Recent statistical evidence has shown that a regression model by incorporating the interactions among the original covariates/features can significantly improve the interpretability for biological data. One major challenge is the exponentially expanded feature space when adding high-order feature interactions to the model. To tackle the huge dimensionality, hierarchical sparse models (HSM) are developed by enforcing sparsity under heredity structures in the interactions among the covariates. However, existing methods only consider pairwise interactions, making the discovery of important high-order interactions a non-trivial open problem. In this paper, we propose a generalized hierarchical sparse model (GHSM) as a generalization of the HSM models to tackle arbitrary-order interactions.
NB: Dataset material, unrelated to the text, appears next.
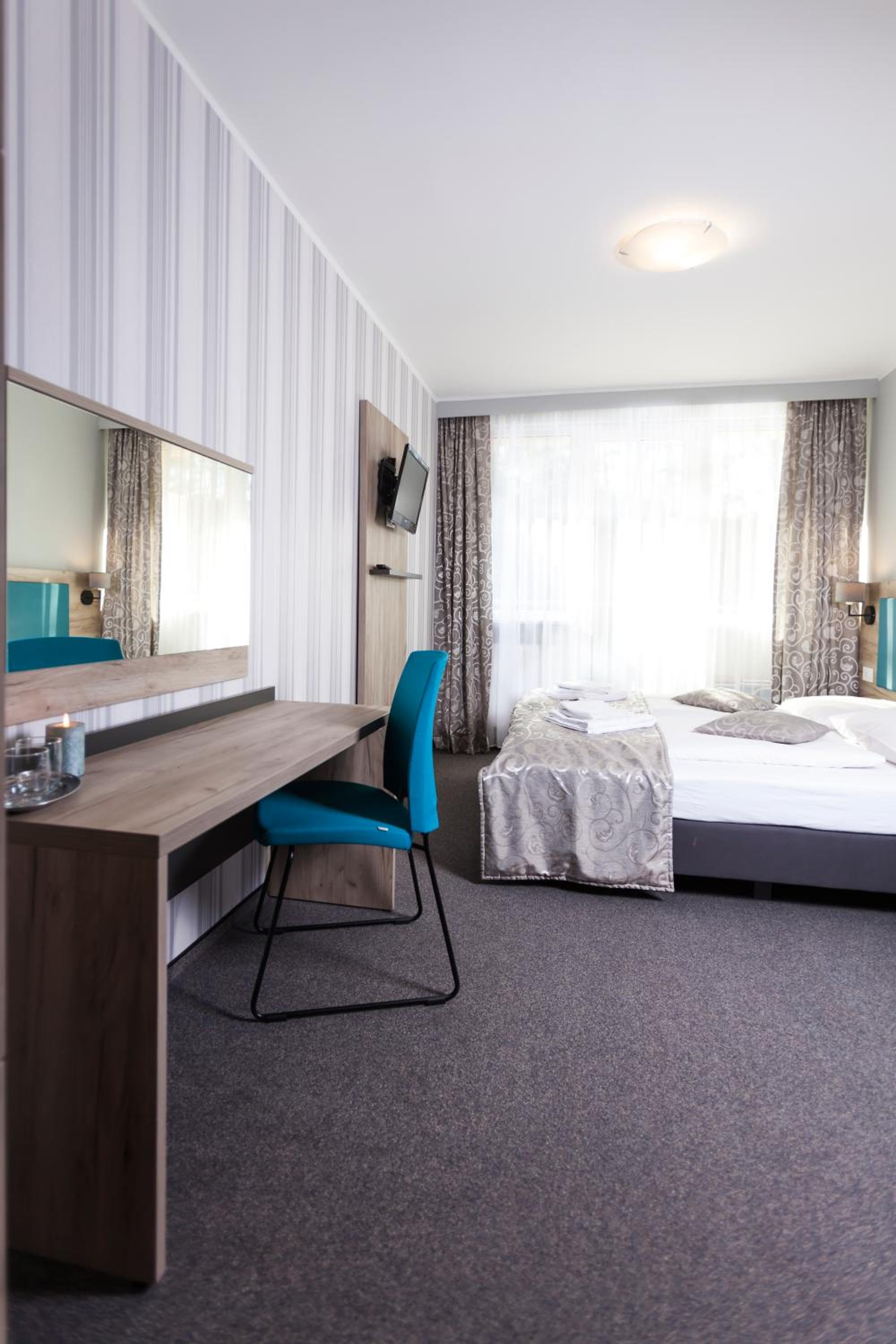 Kameralny hotel położony bardzo blisko plaży, pokoje czyste i odpowiednio wyposażone. Duży wybór na śniadaniach, wiele atrakcji w hotelu - kręgle, bilard, muzyka na żywo. Bardzo miła i kompetentna Pani w recepcji (podczas naszego zameldowania). Bezkosztowa możliwość późniejszego wymeldowania.

The GHSM applies the ℓ1 penalty to all the model coefficients under a constraint that given any covariate, if none of its associated kth-order interactions contribute to the regression model, then neither do its associated higher-order interactions. The resulting objective function is non-convex with a challenge lying in the coupled variables appearing in the arbitrary-order hierarchical constraints and we devise an efficient optimization algorithm to directly solve it. Specifically, we decouple the variables in the constraints via both the general iterative shrinkage and thresholding (GIST) and the alternating direction method of multipliers (ADMM) methods into three subproblems, each of which is proved to admit an efficiently analytical solution. We evaluate the GHSM method in both synthetic problem and the antigenic sites identification problem for the influenza virus data, where we expand the feature space up to the 5th-order interactions. Empirical results demonstrate the effectiveness and efficiency of the proposed methods and the learned high-order interactions have meaningful synergistic covariate patterns in the influenza virus antigenicity.
机译:最近的统计证据表明,通过合并原始协变量/特征之间的相互作用的回归模型可以显着提高生物学数据的可解释性。一个主要挑战是在向模型添加高阶特征交互时,特征空间呈指数扩展。为了解决巨大的维数,通过在协变量之间的交互作用下在遗传结构下实施稀疏性来开发分层稀疏模型(HSM)。但是,现有方法仅考虑成对相互作用,这使得重要的高阶相互作用的发现成为不平凡的开放问题。在本文中,我们提出了广义分层稀疏模型(GHSM)作为HSM模型的一般化,以解决任意顺序的相互作用。 GHSM在给定任何协变量的约束下将all1罚分应用于所有模型系数,如果其关联的k阶交互都不对回归模型有任何贡献,则其关联的高阶交互也不起作用。由此产生的目标函数是非凸的,挑战在于耦合变量出现在任意顺序的层次约束中,我们设计了一种有效的优化算法来直接求解它。具体来说,我们通过一般迭代收缩和阈值(GIST)和乘数交替方向方法(ADMM)方法将约束中的变量解耦为三个子问题,每个问题都被证明可以接受有效的分析解决方案。我们在流感病毒数据的合成问题和抗原位点识别问题中评估GHSM方法,在其中我们将特征空间扩展到5阶相互作用。实验结果证明了所提出方法的有效性和效率,并且所获高阶相互作用在流感病毒抗原性方面具有有意义的协同协变量模式。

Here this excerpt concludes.